==== Given data ====

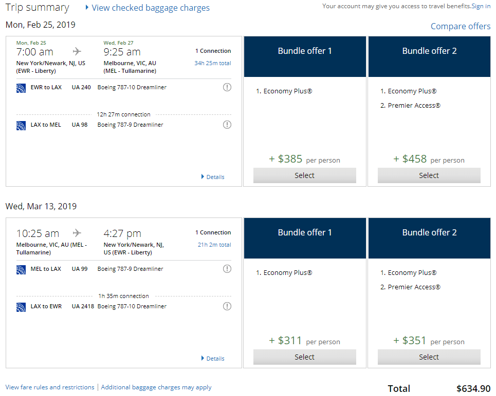 Newark (EWR) to Melbourne (MEL) for $635 round-trip on United:
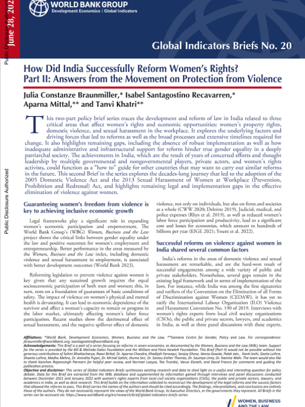 【World Bank】【2025】How Did India Successfully Reform Women’s Rights? Part II Answers from the Movement on Protection from Violence-7页 政策文件
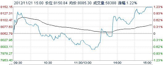 21日兩市開盤漲停不一,券商、保險、自貿區概念股受益利好全天強勢,成為護盤主力,此前火熱的美麗中國、農林牧漁等板塊紛紛回調,釀酒、環保板塊持續下行,臨近午盤,滬指跌破2000點,隨后小幅攀升勉強守住2000點,午后兩市繼續下行,一度下探至1995.17點,臨近14點,地產、銀行發力護盤,煤炭、有色等各類題材股紛紛做多,大盤直線拉升強勢翻紅,14:30分左右,股指再度拉升突破五日均線,在股指期貨尾盤暴漲的帶動下,兩市再度沖高,截至收盤,滬指報2030.32點,漲幅1.07%,成交396.6億元;深成指報8150.84點,漲幅1.22%,成交402.3億元,成交量較前一交易日同期有所放大。
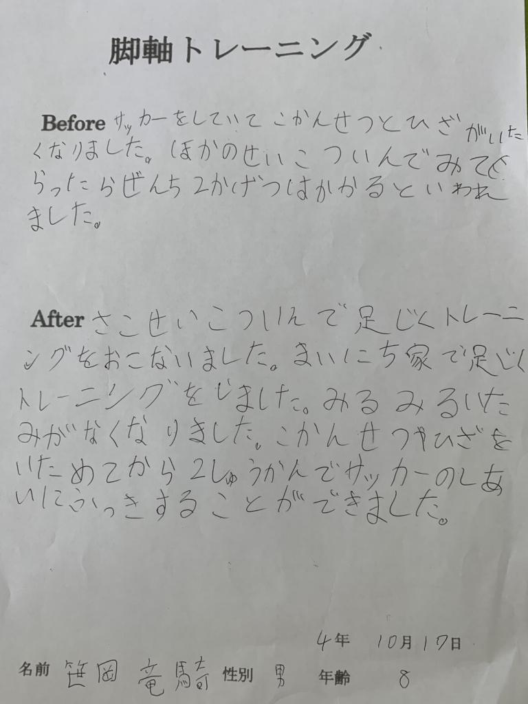 注:脚軸トレーニングを行った後、ソマレゾンを患部に貼りました。マッサージや電療は行っておりません。
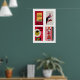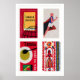 Póster Red Czechoslovak Matchbox Labels Grid Print
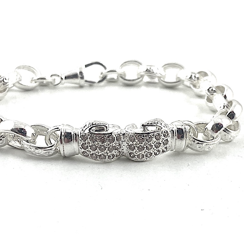 Solid Silver Gents Boxing Glove Belcher Bracelet
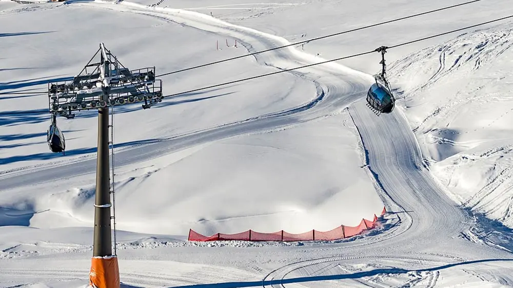 Blick auf Seilbahn und Piste im Skigebiet Almenwelt Lofer
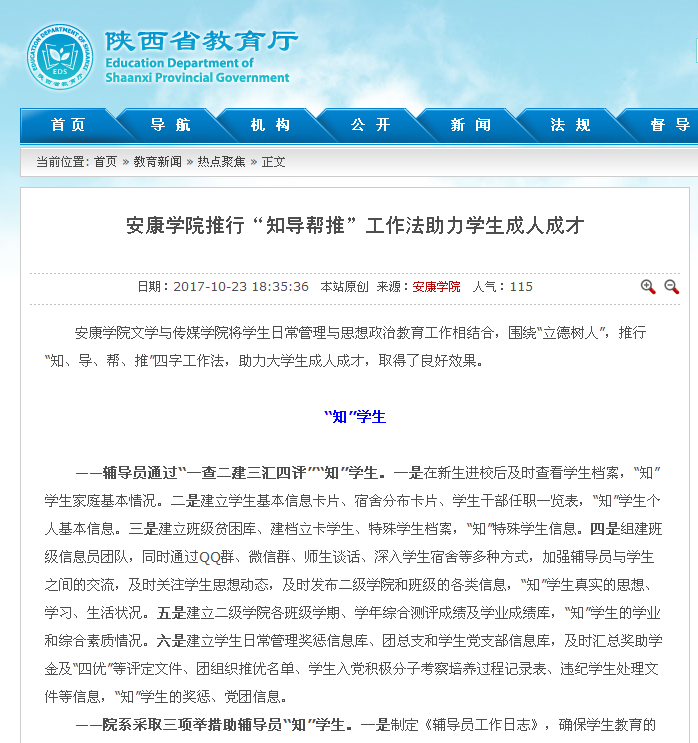 10月23日,陕西省教育厅“热点聚焦”栏目发布了以《安康学院推行“知导帮推”工作法助力学生成人成才》为题的一篇文章。文章介绍了我校文传学院将学生日常管理与思想政治教育工作相结合,围绕“立德树人”,推行“知、导、帮、推”四字工作法,助力大学生成人成才的工作经验。
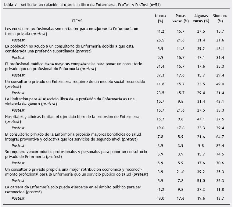 El objetivo de esta investigación fue analizar las actitudes que los profesionales de la enfermería tienen en relación al ejercicio libre de la profesión para instalar y trabajar en un consultorio privado con base en la aplicación de un cuestionario pretest-postest, durante la realización de un taller sobre herramientas teórico-metodológicas con perspectiva de género para el ejercicio libre de la profesión.
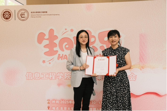 紧接着,High漫 副院长、教工党支部书记李倩上台致辞。她向在场的教职工们致以了最美好的生日祝愿,并对严建花颁发了“暖心服务奖”,以表彰其2015-2024年工会工作中所展现出的卓越服务精神和无私奉献。这一荣誉不仅是对严建花的肯定,也是对全体教职工的激励,鼓励大家在工作中积极进取,为深研院和High漫 的发展贡献更多力量。
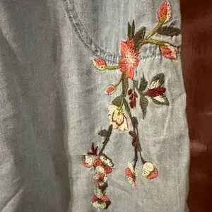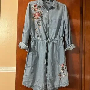 Stylish denim shirt dress with floral embroidery. Perfect for casual outings.
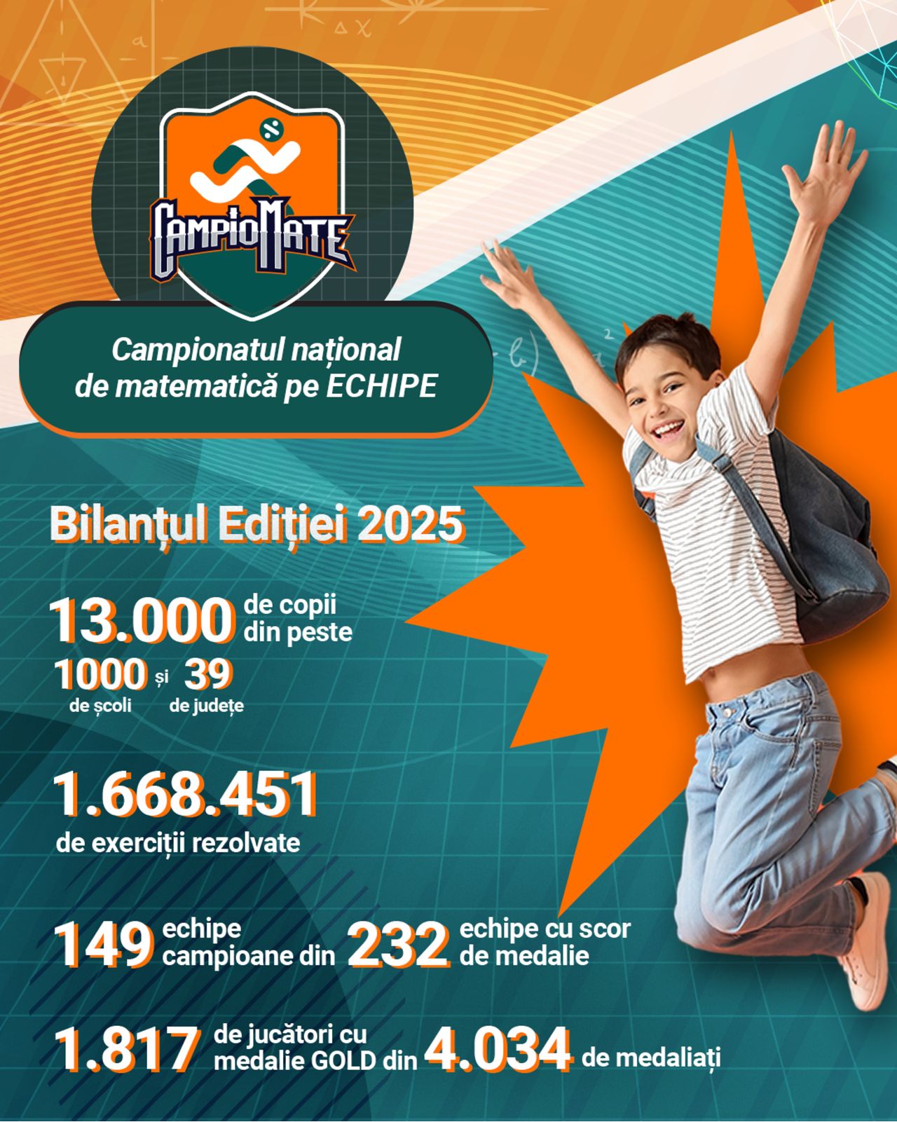 București, 3 iunie 2025 – Ediția 2025 a CampioMATE - competiție națională de matematică pe echipe, inspirată din gaming și sport și dedicată elevilor de gimnaziu - s-a încheiat, marcând un număr record de participanți și o mobilizare excepțională din partea profesorilor, elevilor și voluntarilor și demonstrând cât de atractivă poate fi matematica atunci când este adusă în terenul preferat al copiilor: cel al jocului, prieteniei și competiției.
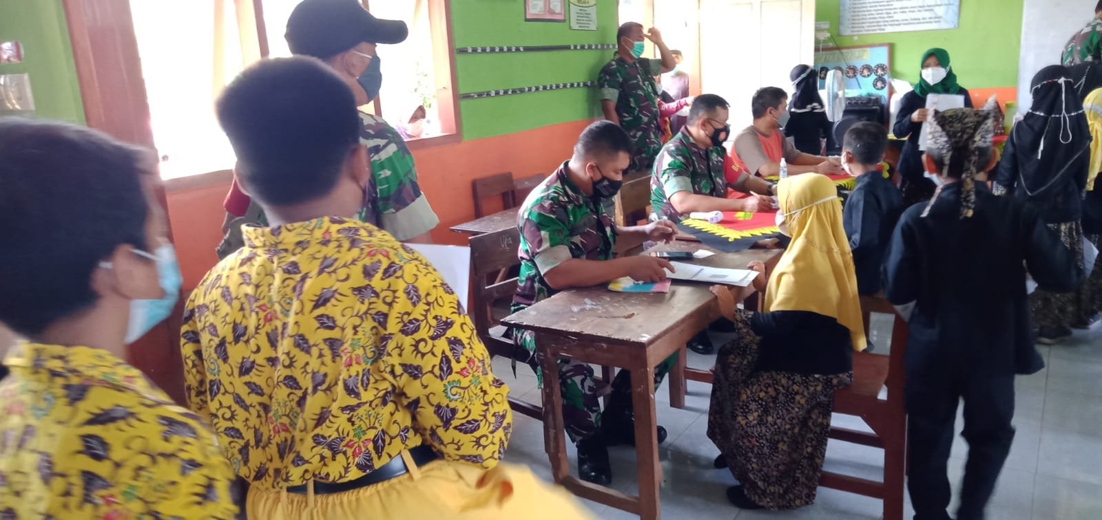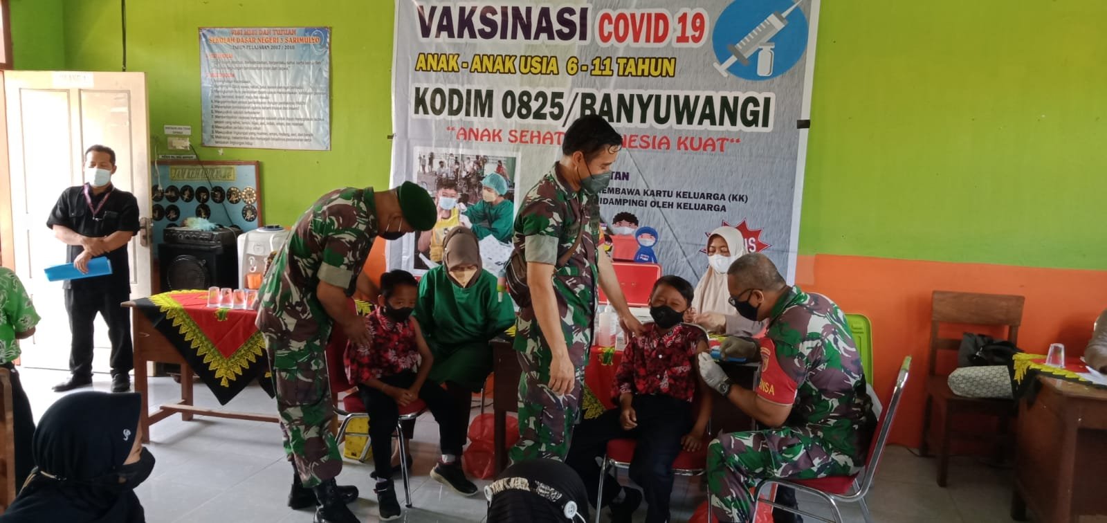 Banyuwangi, seblang.com – Dalam rangka percepatan vaksinasi di Kabupaten Banyuwangi Jawa Timur, Kodim 0825 melalui Koramil 0825/07 Cluring melaksanakan vaksinasi anak usia 6 sampai 11 Tahun di SDN 3 Sarimulyo, Kecamatan Cluring, Kamis (02/02/2022).
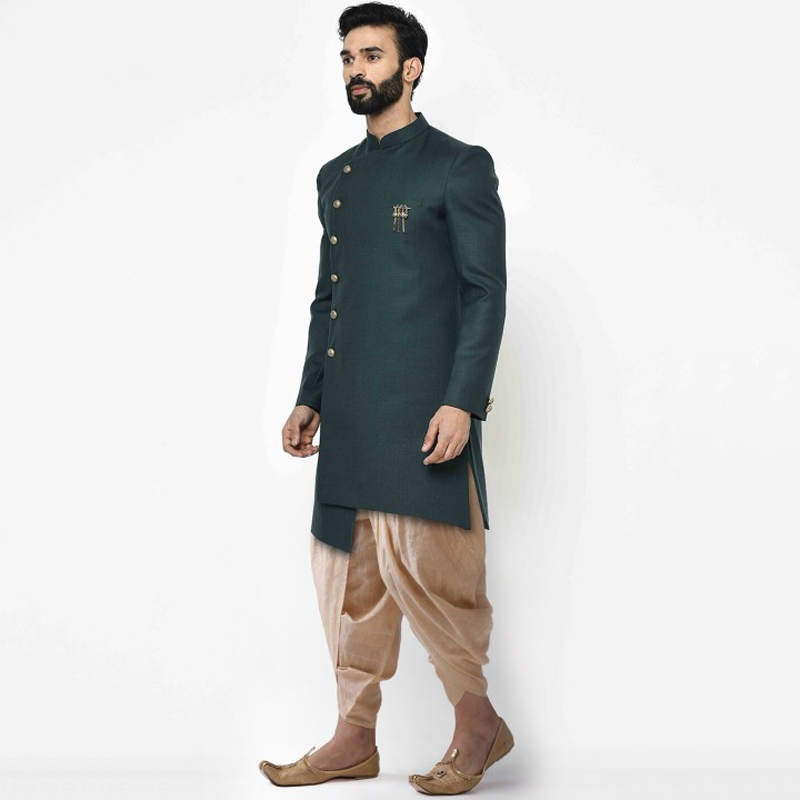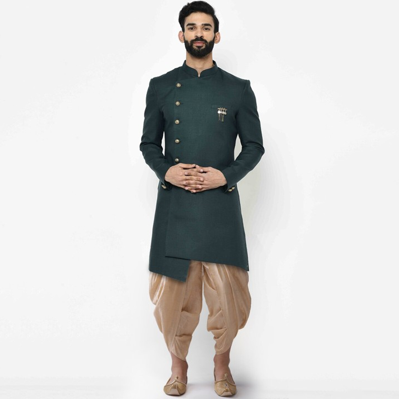 Olive-green solid sherwani, has a mandarin collar, stylised front with button closures and long sleeves
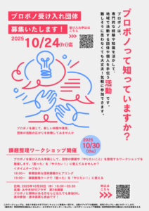 今回は、このプロボノを受け入れたい団体(NPO法人や一般社団法人、法人格のない市民活動団体など)を募集します。

====

Work required: In the data, the line that contains "Póster Red Czechoslovak" begins the part to write out; restate it and each line after it word for word through the end, with no pictures.

Output below:
 Póster Red Czechoslovak Matchbox Labels Grid Print
 Solid Silver Gents Boxing Glove Belcher Bracelet
 Blick auf Seilbahn und Piste im Skigebiet Almenwelt Lofer
 10月23日,陕西省教育厅“热点聚焦”栏目发布了以《安康学院推行“知导帮推”工作法助力学生成人成才》为题的一篇文章。文章介绍了我校文传学院将学生日常管理与思想政治教育工作相结合,围绕“立德树人”,推行“知、导、帮、推”四字工作法,助力大学生成人成才的工作经验。
 El objetivo de esta investigación fue analizar las actitudes que los profesionales de la enfermería tienen en relación al ejercicio libre de la profesión para instalar y trabajar en un consultorio privado con base en la aplicación de un cuestionario pretest-postest, durante la realización de un taller sobre herramientas teórico-metodológicas con perspectiva de género para el ejercicio libre de la profesión.
 紧接着,High漫 副院长、教工党支部书记李倩上台致辞。她向在场的教职工们致以了最美好的生日祝愿,并对严建花颁发了“暖心服务奖”,以表彰其2015-2024年工会工作中所展现出的卓越服务精神和无私奉献。这一荣誉不仅是对严建花的肯定,也是对全体教职工的激励,鼓励大家在工作中积极进取,为深研院和High漫 的发展贡献更多力量。
 Stylish denim shirt dress with floral embroidery. Perfect for casual outings.
 București, 3 iunie 2025 – Ediția 2025 a CampioMATE - competiție națională de matematică pe echipe, inspirată din gaming și sport și dedicată elevilor de gimnaziu - s-a încheiat, marcând un număr record de participanți și o mobilizare excepțională din partea profesorilor, elevilor și voluntarilor și demonstrând cât de atractivă poate fi matematica atunci când este adusă în terenul preferat al copiilor: cel al jocului, prieteniei și competiției.
 Banyuwangi, seblang.com – Dalam rangka percepatan vaksinasi di Kabupaten Banyuwangi Jawa Timur, Kodim 0825 melalui Koramil 0825/07 Cluring melaksanakan vaksinasi anak usia 6 sampai 11 Tahun di SDN 3 Sarimulyo, Kecamatan Cluring, Kamis (02/02/2022).
 Olive-green solid sherwani, has a mandarin collar, stylised front with button closures and long sleeves
 今回は、このプロボノを受け入れたい団体(NPO法人や一般社団法人、法人格のない市民活動団体など)を募集します。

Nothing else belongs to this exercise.